**TASK PROMPT:**
From the first line to the last, reproduce the records below exactly, omitting any picture.

Collected data entries
= Beginning of Section =
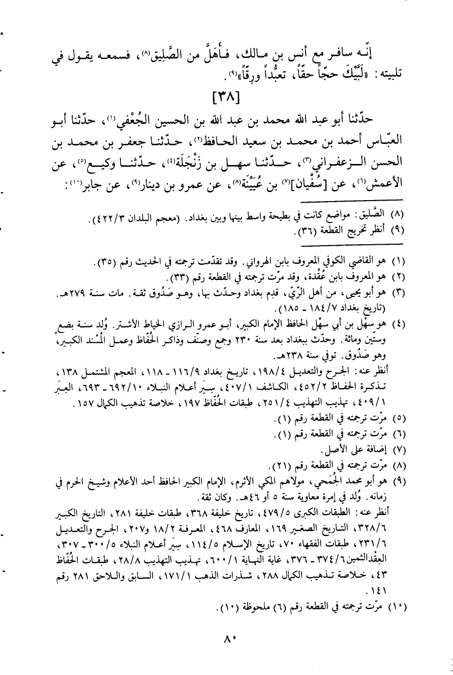 38 - حَدثنَا أَبُو عبد الله مُحَمَّد بن عبد الله بن الْحُسَيْن الْجعْفِيّ حَدثنَا أَبُو الْعَبَّاس أَحْمد بن مُحَمَّد بن سعيد الْحَافِظ حَدثنَا جَعْفَر بن مُحَمَّد بن الْحسن الزَّعْفَرَانِي حَدثنَا سهل بن زَنْجَلَة حَدثنَا وَكِيع عَن الْأَعْمَش عَن سُفْيَان بن عُيَيْنَة عَن عَمْرو بن دِينَار عَن جَابر
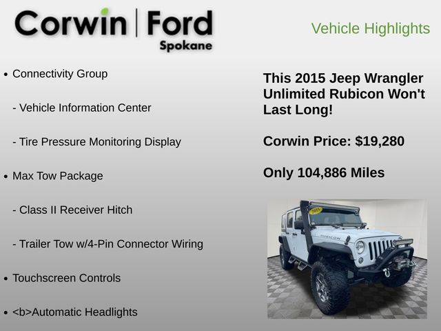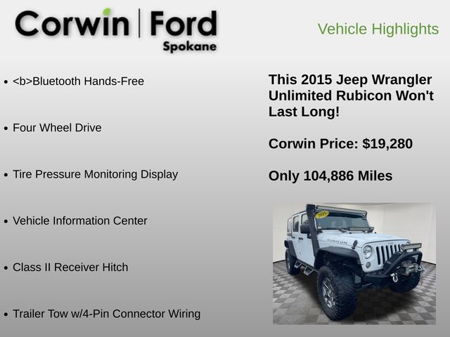 Recent Arrival! With the legendary terrain-tackling performance, our 2015 Jeep Wrangler Rubicon 4X4 shines bright in Bright White Clearcoat. Motivated by a 3.6 Liter V6 that offers 285hp combined with Dana axles and a 5 Speed Automatic transmission, helping you carve your path wherever you see fit. This Four Wheel Drive SUV offers nearly 20mpg on the highway and looks great with its snorkle, winch, LED lighting, aggressive stance and upgraded Rubicon wheels.
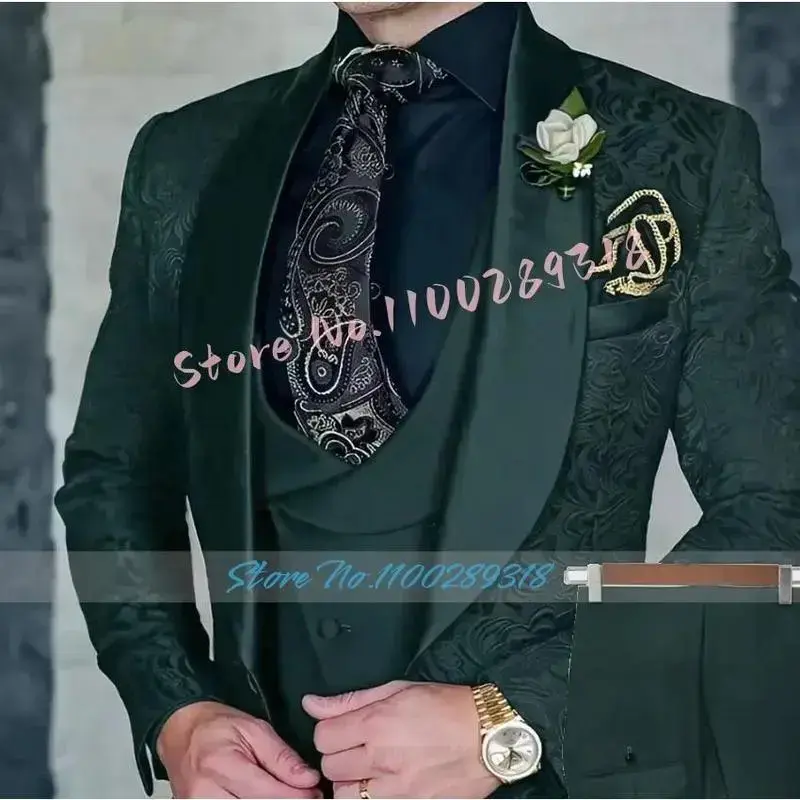 JacquardMen's3-pieceSuitSetFormalPartyDressGroomTuxedoHighQualityElegantMenTernoMasculinoCostumeHommeMariage Menswear Sleeve
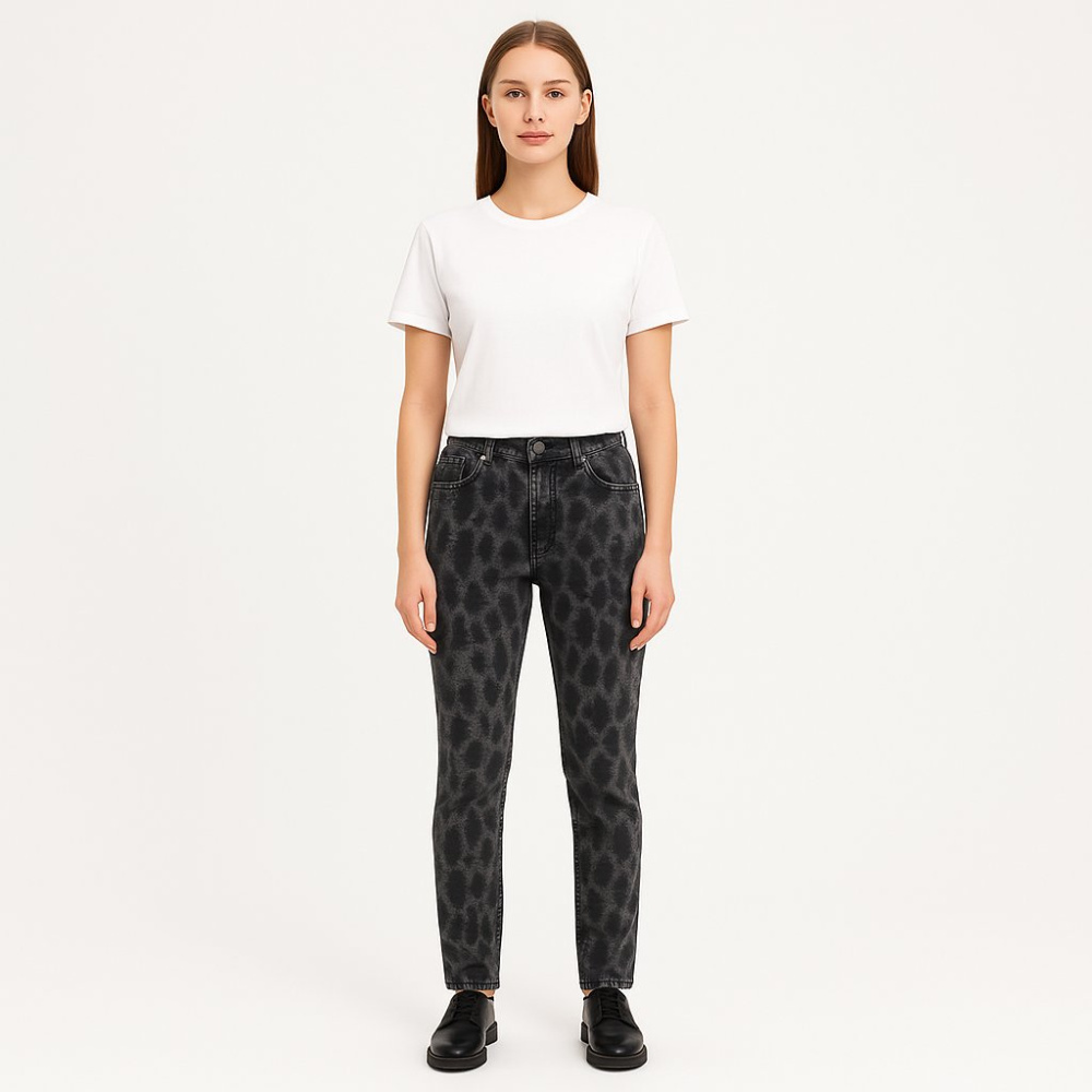Женские джеггинсы M&S в чёрном цвете с леопардовым принтом. Подойдут для повседневных образов с базовыми футболками, свитшотами и грубыми ботинками. Эластичная ткань хорошо садится по фигуре и удобна в носке.
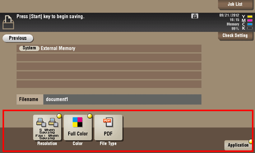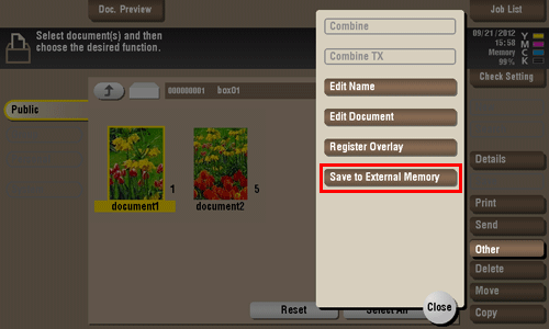 Insert a USB memory device into the USB port of this machine, select a file, then tap [Other] - [Save to External Memory]. Now you can save the file on the USB memory.
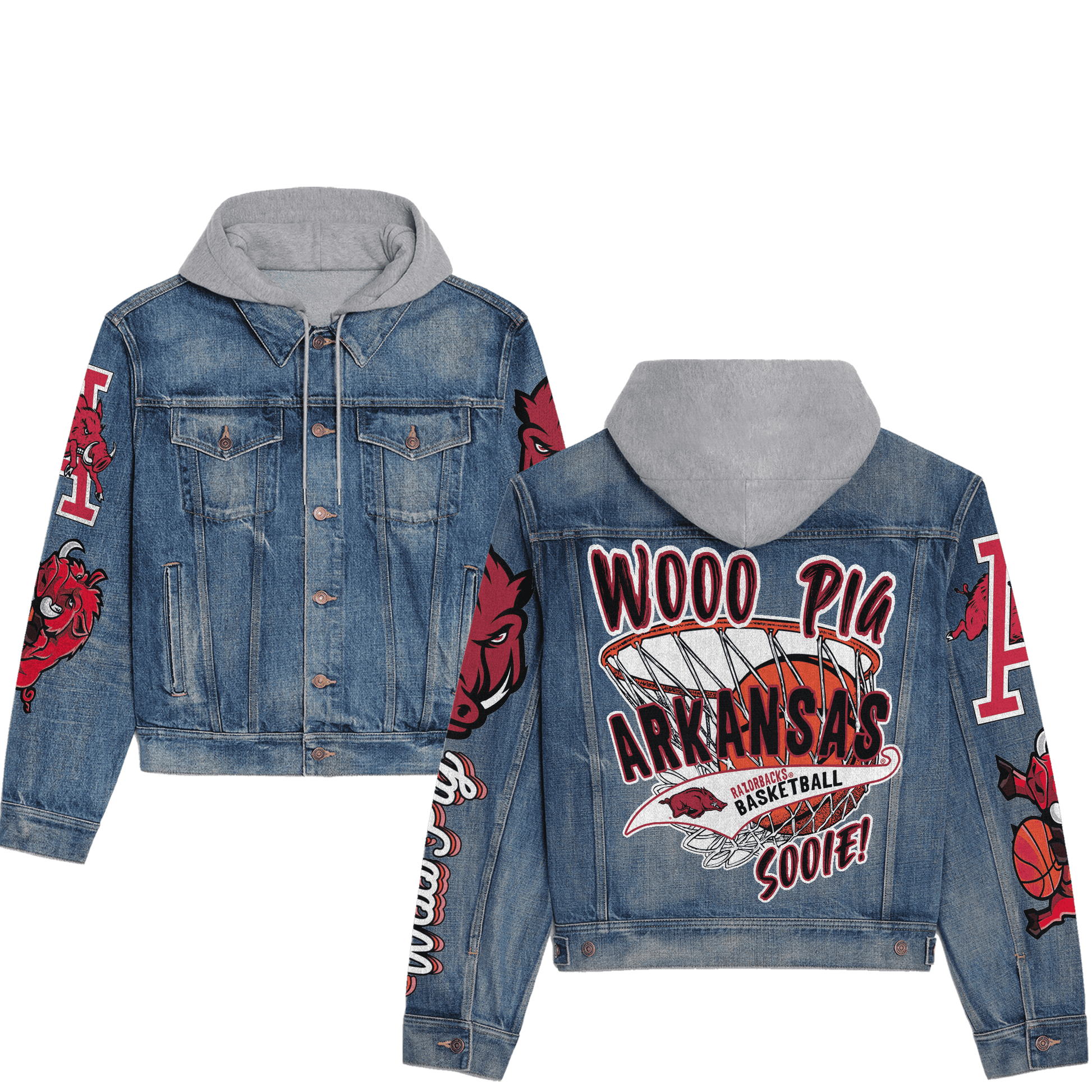 Stylish Hooded Denim Jacket for Arkansas Razorbacks Fans
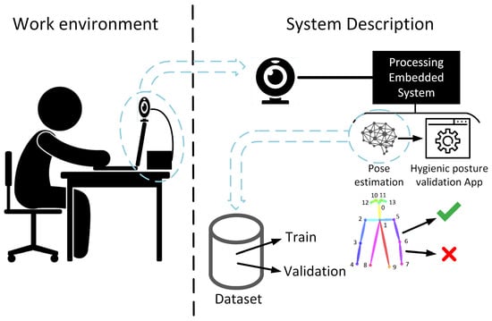 In addition, there are some works, developed in recent years, that are focused on the detection of the user’s skeleton through video processing [33,34]. These works usually use DL-based processing techniques with convolutional neural networks (CNN) to estimate the situation of the user’s various joints. With these previous works, it is feasible to design a skeleton detection and tracking system using CNN and, with this information, to design a recommendation system, aiming for the proper posture of the worker in front of the computer. However, video processing using CNNs requires significant computational resources to provide a real-time response. It would be much more comfortable and transparent for the worker if the system was integrated in the monitor (both the vision sensor and the processing system).
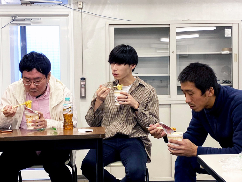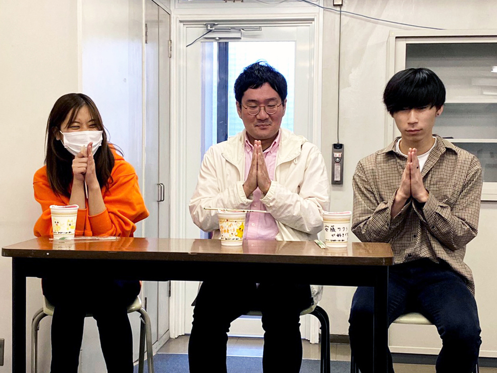 では、ここで私たちチーム「ジェネレーションギャップ」のメンバーと、取材に同行してもらった梅岡先生の4人による、本気のオリジナルカップヌードル食レポをお届けいたします!
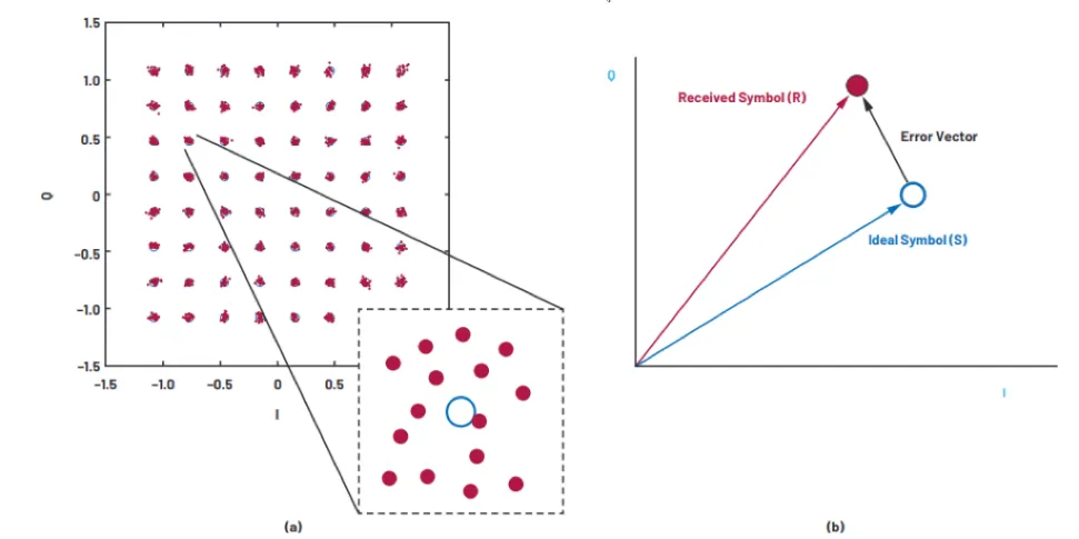 首先,EVM是误差向量幅度(Error Vector Magnitude),用于量化理想信号与实际发射信号之间的差异,是量化矢量信号质量的主要指标。
= End of Section =
**WRITTEN ANSWER:**
 38 - حَدثنَا أَبُو عبد الله مُحَمَّد بن عبد الله بن الْحُسَيْن الْجعْفِيّ حَدثنَا أَبُو الْعَبَّاس أَحْمد بن مُحَمَّد بن سعيد الْحَافِظ حَدثنَا جَعْفَر بن مُحَمَّد بن الْحسن الزَّعْفَرَانِي حَدثنَا سهل بن زَنْجَلَة حَدثنَا وَكِيع عَن الْأَعْمَش عَن سُفْيَان بن عُيَيْنَة عَن عَمْرو بن دِينَار عَن جَابر
 Recent Arrival! With the legendary terrain-tackling performance, our 2015 Jeep Wrangler Rubicon 4X4 shines bright in Bright White Clearcoat. Motivated by a 3.6 Liter V6 that offers 285hp combined with Dana axles and a 5 Speed Automatic transmission, helping you carve your path wherever you see fit. This Four Wheel Drive SUV offers nearly 20mpg on the highway and looks great with its snorkle, winch, LED lighting, aggressive stance and upgraded Rubicon wheels.
 JacquardMen's3-pieceSuitSetFormalPartyDressGroomTuxedoHighQualityElegantMenTernoMasculinoCostumeHommeMariage Menswear Sleeve
Женские джеггинсы M&S в чёрном цвете с леопардовым принтом. Подойдут для повседневных образов с базовыми футболками, свитшотами и грубыми ботинками. Эластичная ткань хорошо садится по фигуре и удобна в носке.
 Insert a USB memory device into the USB port of this machine, select a file, then tap [Other] - [Save to External Memory]. Now you can save the file on the USB memory.
 Stylish Hooded Denim Jacket for Arkansas Razorbacks Fans
 In addition, there are some works, developed in recent years, that are focused on the detection of the user’s skeleton through video processing [33,34]. These works usually use DL-based processing techniques with convolutional neural networks (CNN) to estimate the situation of the user’s various joints. With these previous works, it is feasible to design a skeleton detection and tracking system using CNN and, with this information, to design a recommendation system, aiming for the proper posture of the worker in front of the computer. However, video processing using CNNs requires significant computational resources to provide a real-time response. It would be much more comfortable and transparent for the worker if the system was integrated in the monitor (both the vision sensor and the processing system).
 では、ここで私たちチーム「ジェネレーションギャップ」のメンバーと、取材に同行してもらった梅岡先生の4人による、本気のオリジナルカップヌードル食レポをお届けいたします!
 首先,EVM是误差向量幅度(Error Vector Magnitude),用于量化理想信号与实际发射信号之间的差异,是量化矢量信号质量的主要指标。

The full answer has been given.